* HOW TO COMPLETE THIS TASK
Each line of the data below between the one containing "2001 - Schnitzeljagdaufgabe" and the one containing "Na etiketu můžete", both included, is to be repeated exactly. Please omit pictures.

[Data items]
[Start of Attachment]
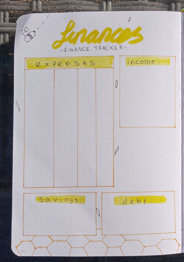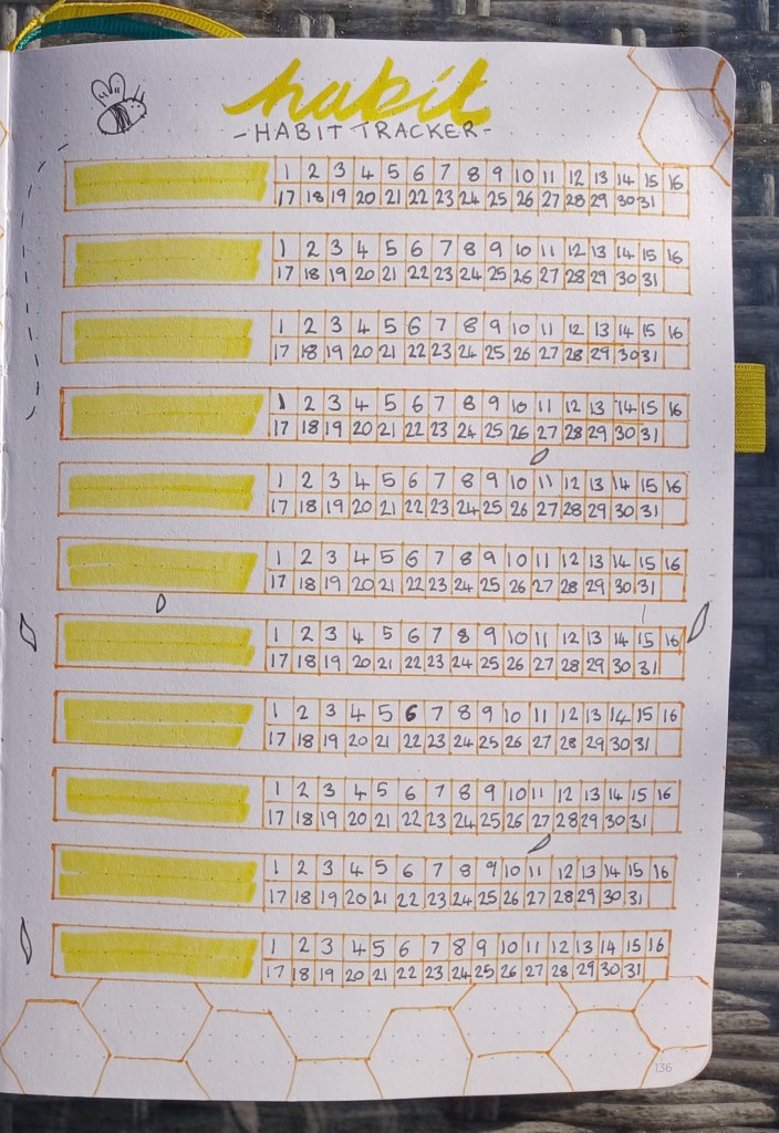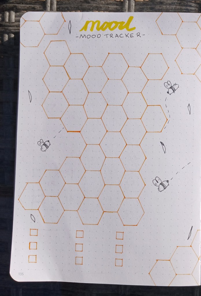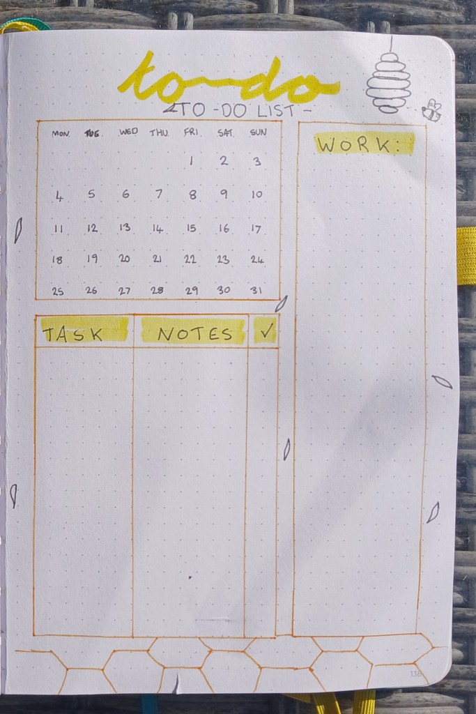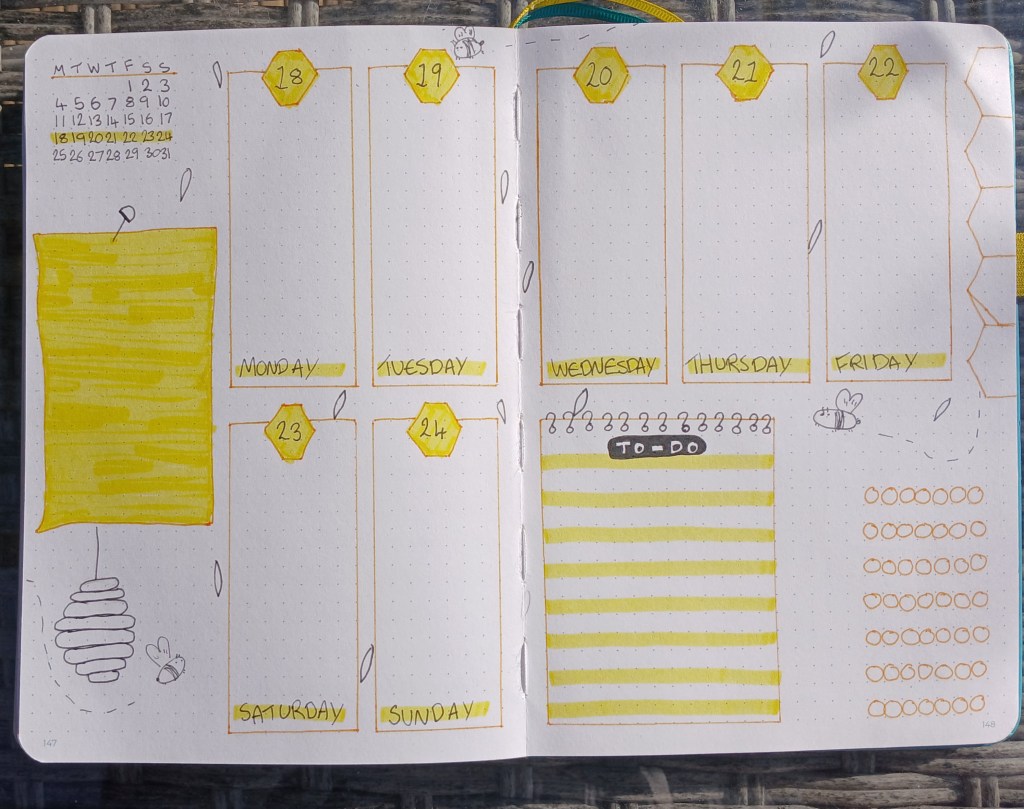 Whilst drawing out my weekly spread I found myself struggling to chose between designs for my corner space, so I alternated instead! I doodled a little beehive on one and the usual honeycomb on the other. Admittedly my honeycombs all around could have been a lot better, but I was in a rush to get it all done and still working my way up to more elaborate border designs
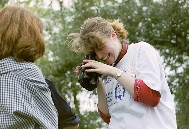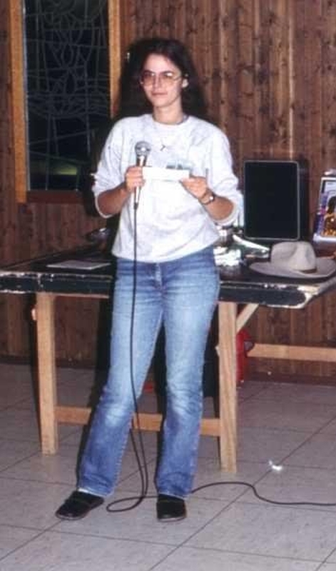 2001 - Schnitzeljagdaufgabe "dreht einen Film zu einem Song" - Linda amüsiert sich ueber das Ergebnis --
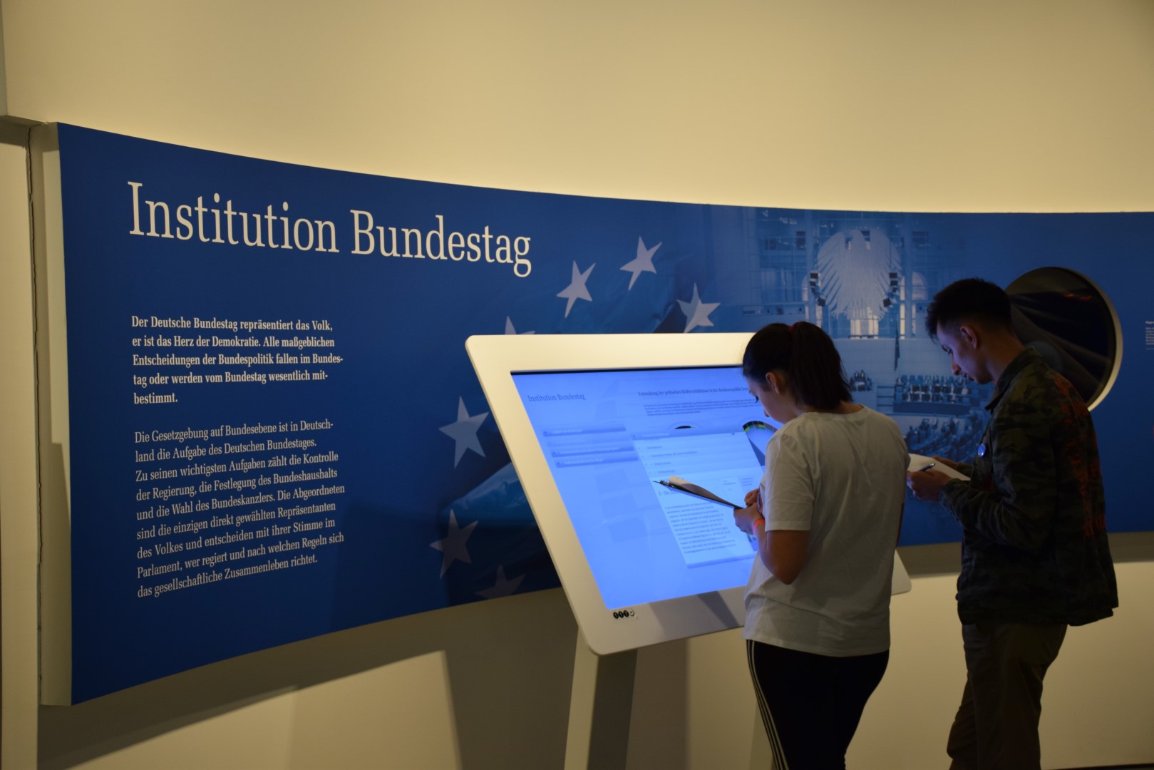 Am vierten Tag unserer Reise durften wir den deutschen Dom besuchen. Da haben wir uns mit der Funktionsweise des Bundestags beschäftigt und haben die Rolle von „Bundestagsabgeordneten“ übernommen, um einen besseren Überblick zu bekommen, wie Entscheidungen getroffen werden. Außerdem wurden Infos über die Arbeit von Bundestagsabgeordneten, den Gang der Gesetzgebung, den Ablauf einer Sitzungswoche, die Struktur und Sitzordnung im Plenarsaal, die Funktionen der handelnden Parlamentarier sowie den Ablauf einer Plenarsitzung vermittelt.
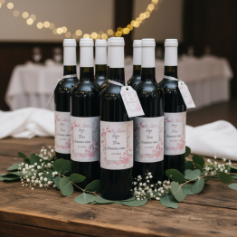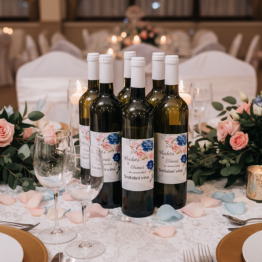 Na etiketu můžete sami vložit Váš text, obrázek nebo fotografii přímo v našem online editoru. Víno může sloužit k svatebnímu pohoštění nebo jako originální pozornost pro svatební hosty. Vybírejte z velkého množství hotových návrhů, které si můžete libovolně upravit, nebo nám zašlete svůj vlastní. Etikety jsou tištěny na samolepicí voděodolný papír.
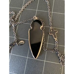 Unusual design with faux arrowhead and cross on same necklace. Pendants are edged in gold color and chain is gray metal.
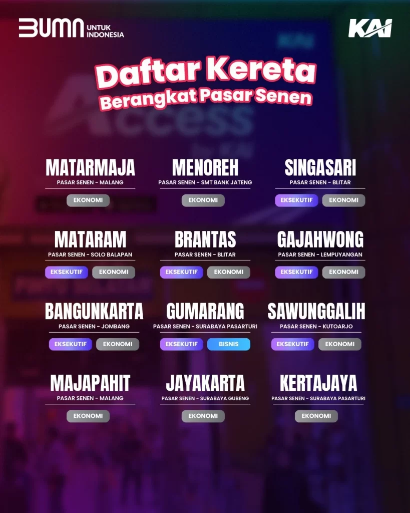 Berikut daftar KA yang mendapatkan promo Mudik Belakangan Ekstra Hemat keberangkatan Stasiun Pasarsenen:
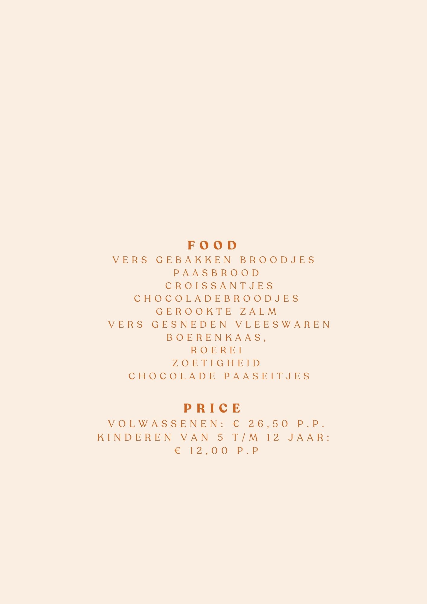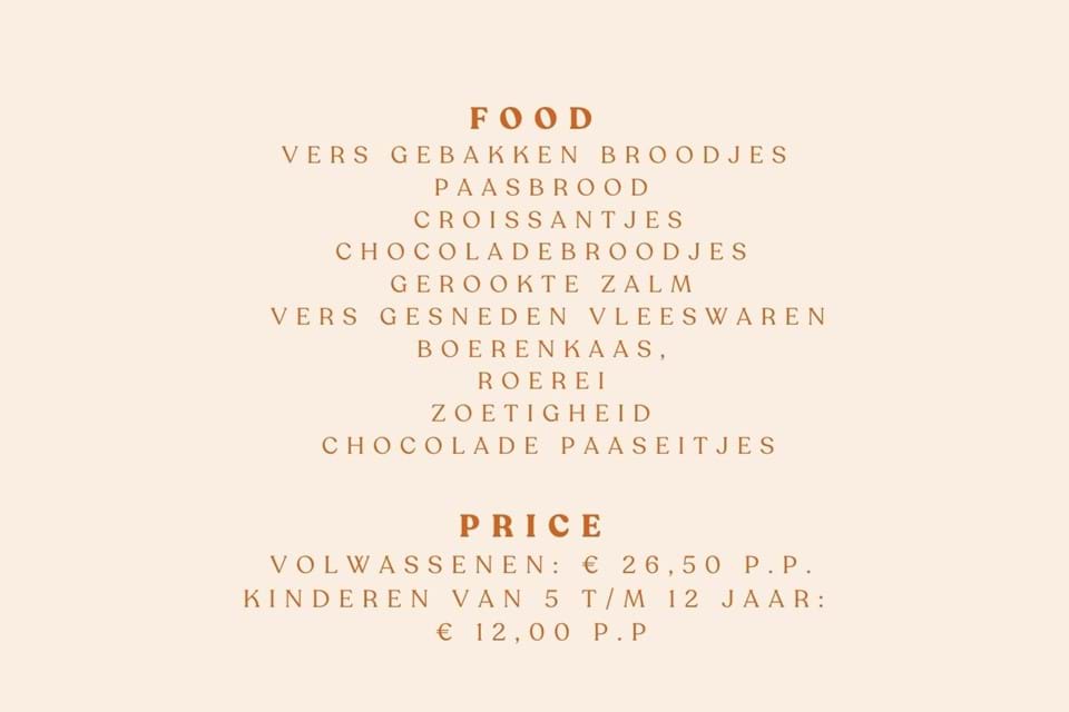 Alle dranken kunt op basis van nacalculatie bestellen. Het paasontbijt € 26,50 per persoon | kinderen 5 t/m 12 jaar € 12,00
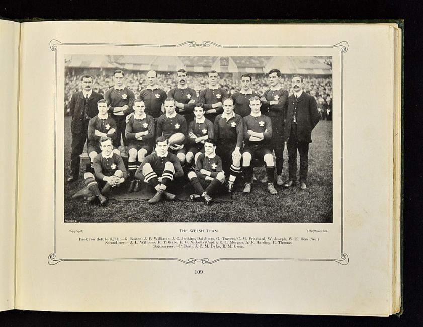 Very Rare 1906 South Africa First Rugby Tour Souvenir Book titled - "South African Souvenir of The Springbokken Tour in Great Britain " 1st ed 1907 edited by E J L Platnauer publ'd by Geo Wunderlisch Johannesburg - in the original decorative green cloth boards (some rubbing) - magnificent book detailing the first ever tour of UK by the first ever Springboks, contains details of every match and many team and action photographs, players biographies- front and rear end boards and free end plates discoloured, hinges visible but all intact, and 4 pages have tears nevertheless overall (F/G)
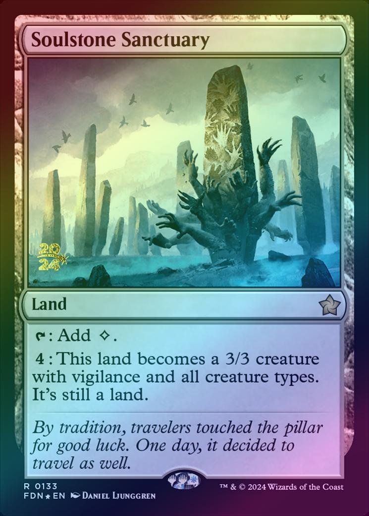 Soulstone SanctuaryCard Type: LandCard Text: : Add . : This land becomes a 3/3 creature with vigilance and all creature types. It's still a land.Flavour Text: By tradition, travelers touched the pillar for good luck. One day, it decided to travel as well.Artist: Daniel Ljunggren
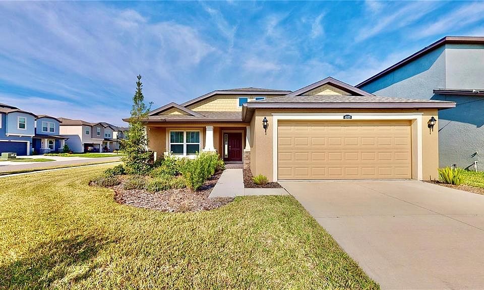 Move in ready 4bed/2ba, with home office and 2 car garage. Built in 2023 this home is located approximately 20 mins from downtown Tampa, Tampa International Airport, Citrus mall, and just a few minutes to grocery stores. Easy access to the Veterans expressway, I-275, and Dale Mabry. Carrollwood Landings is located in a very quiet neighborhood off Casey Road. This home boasts tiles in the living areas and vinyl wood floors in the bedrooms. The features include, stainless steel appliances, granite counters, a backsplash in the kitchen, walk-in master closet, a master suite bathroom with a garden tub, a separate euro style shower, and laundry in the garage (to eliminate allergies caused by lint dust). The Inside laundry area has been left for storage or can be used as a small office or closet or converted back to a laundry room. The home comes with new blinds, water softener fully fenced back yard, with an automatic irrigation system. NO CDD ! HOA ($163 mo.) includes cable, internet, security gate and common areas.
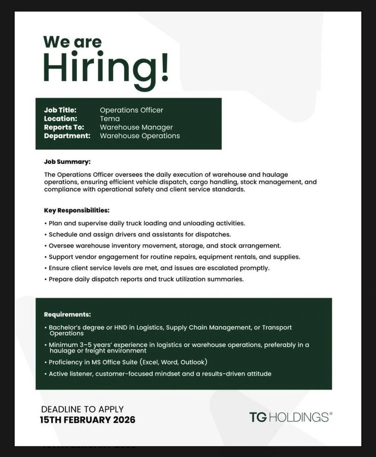 Job Summary: The Operations Officer oversees the daily execution of warehouse and haulage operations, ensuring…
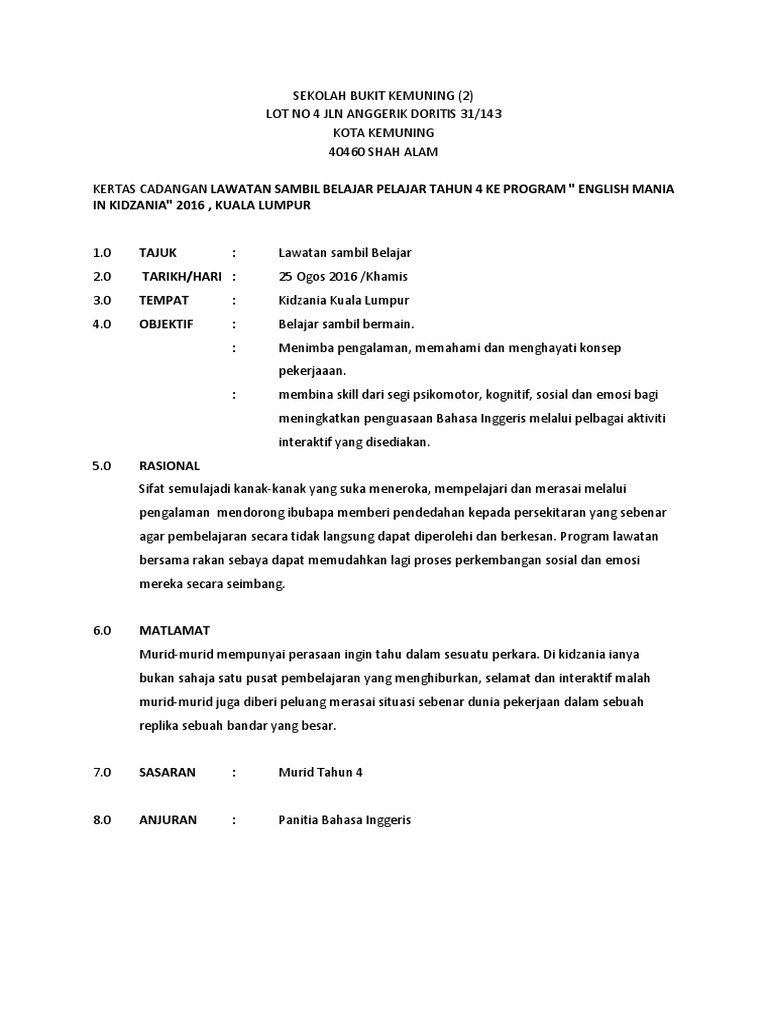 Doc Kertas Kerja Cadangan Program Lawatan Sambil Belajar Ke Shah
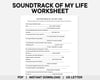 Soundtrack of My Life Worksheet, Playlist of My Life, Music Therapy, Narrative Therapy, Self Reflection, Self Discovery, Personal Growth
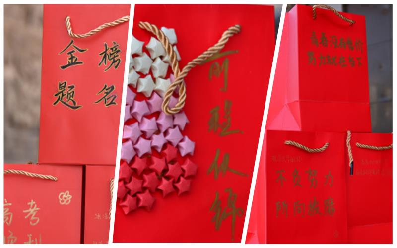 心想“柿”成,必定“糕粽”!一个个高考“锦囊”红火喜庆,在红色锦囊上学弟学妹们写满了吉语祝福,
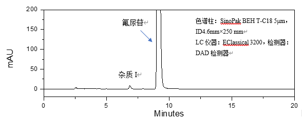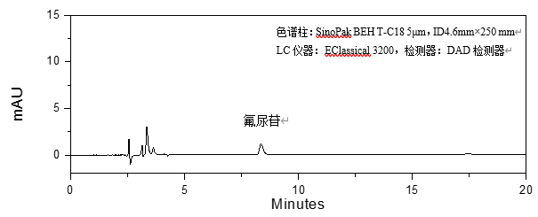 磷酸鹽緩沖液(取磷酸二氫鉀6.8g,加水適量溶解,用氫氧化鈉試液調(diào)節(jié)pH值至7.0,加水稀釋至1000ml)-甲醇(95∶5)
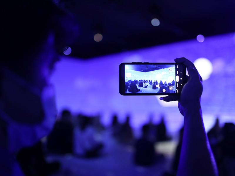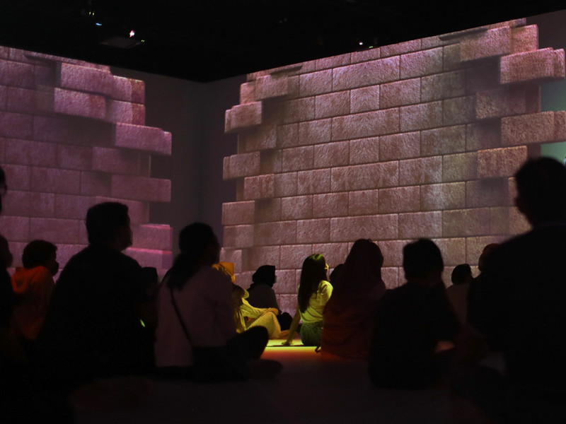 Pengunjung menyaksikan pertunjukan tiga dimensi dalam pameran Ruang ImersifA \"Ruang Baru Imajinasi\" di Museum Nasional, Gambir, Jakarta Pusat, Kamis (14/4). Fasilitas baru di Museum Nasional tersebut menyuguhkan lini masa dari zaman prasejarah Indonesia hingga masa kini. Pertunjukan yang berada di Gedung A itu berlangsung selama 30 menit yang diproyeksikan dengan sudut 360 derajat. (Foto: Nugroho Sejati/beritajakarta.id)
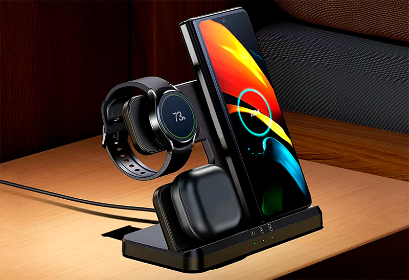Когда вы выбираете устройство "3 в 1", то там надо сначала выяснять, все ли в порядке с совместимостью, если вы планируете заряжать на них умные часы. Потому что если часы поддерживают стандарт Qi, то для них годится любая беспроводная зарядка, работающая по данному стандарту. Но, например, часы Samsung этот стандарт не поддерживают, и у них собственная беспроводная зарядка, которая для них подходит, но другие умные часы с беспроводной зарядкой от нее заряжаться не будут.
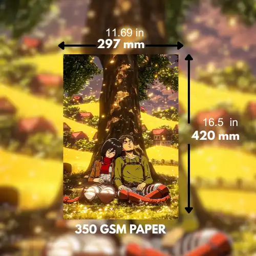 Capture the serene moment of Mikasa and Eren resting under a large tree in this A3 size premium poster. A beautiful depiction of calm amidst the chaos, perfect for fans of Attack on Titan looking for a quieter, reflective piece. Printed on high-quality 350 GSM paper, it offers detailed artwork and vibrant colors. Ideal for framing or direct hanging.
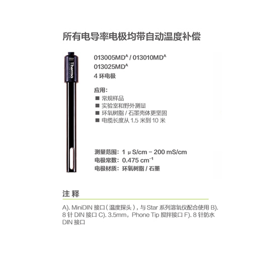 美國ORION奧立龍 013005MD常規(guī)水四環(huán)電導(dǎo)率電極產(chǎn)品介紹:
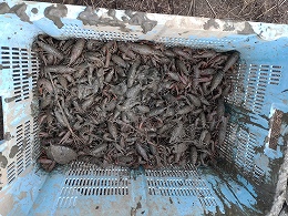 今回は残念なことにアメリカザリガニとブルーギルが以前より増えていた。とはいえ、コンスタントに池干しが行われているので、極端に増えて在来種を駆逐することはない。今回の池干しによってブルーギルはかなり数を減らすだろうし、アメリカザリガニは泥に潜って駆除を逃れた個体は多いだろうが、それでも皆でたくさん捕りまくった。
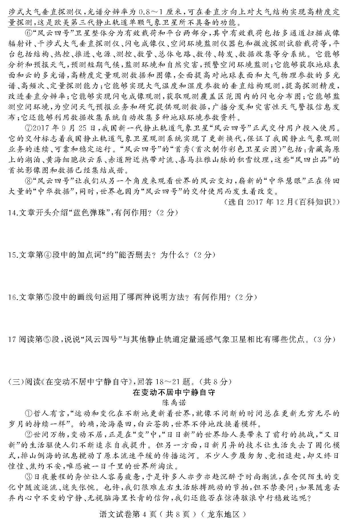 2018黑龙江龙东地区升学模拟大考卷(六)语文试题(图片版)(4)
[End of Attachment]
* ANSWER TO THE PROBLEM
 2001 - Schnitzeljagdaufgabe "dreht einen Film zu einem Song" - Linda amüsiert sich ueber das Ergebnis --
 Am vierten Tag unserer Reise durften wir den deutschen Dom besuchen. Da haben wir uns mit der Funktionsweise des Bundestags beschäftigt und haben die Rolle von „Bundestagsabgeordneten“ übernommen, um einen besseren Überblick zu bekommen, wie Entscheidungen getroffen werden. Außerdem wurden Infos über die Arbeit von Bundestagsabgeordneten, den Gang der Gesetzgebung, den Ablauf einer Sitzungswoche, die Struktur und Sitzordnung im Plenarsaal, die Funktionen der handelnden Parlamentarier sowie den Ablauf einer Plenarsitzung vermittelt.
 Na etiketu můžete sami vložit Váš text, obrázek nebo fotografii přímo v našem online editoru. Víno může sloužit k svatebnímu pohoštění nebo jako originální pozornost pro svatební hosty. Vybírejte z velkého množství hotových návrhů, které si můžete libovolně upravit, nebo nám zašlete svůj vlastní. Etikety jsou tištěny na samolepicí voděodolný papír.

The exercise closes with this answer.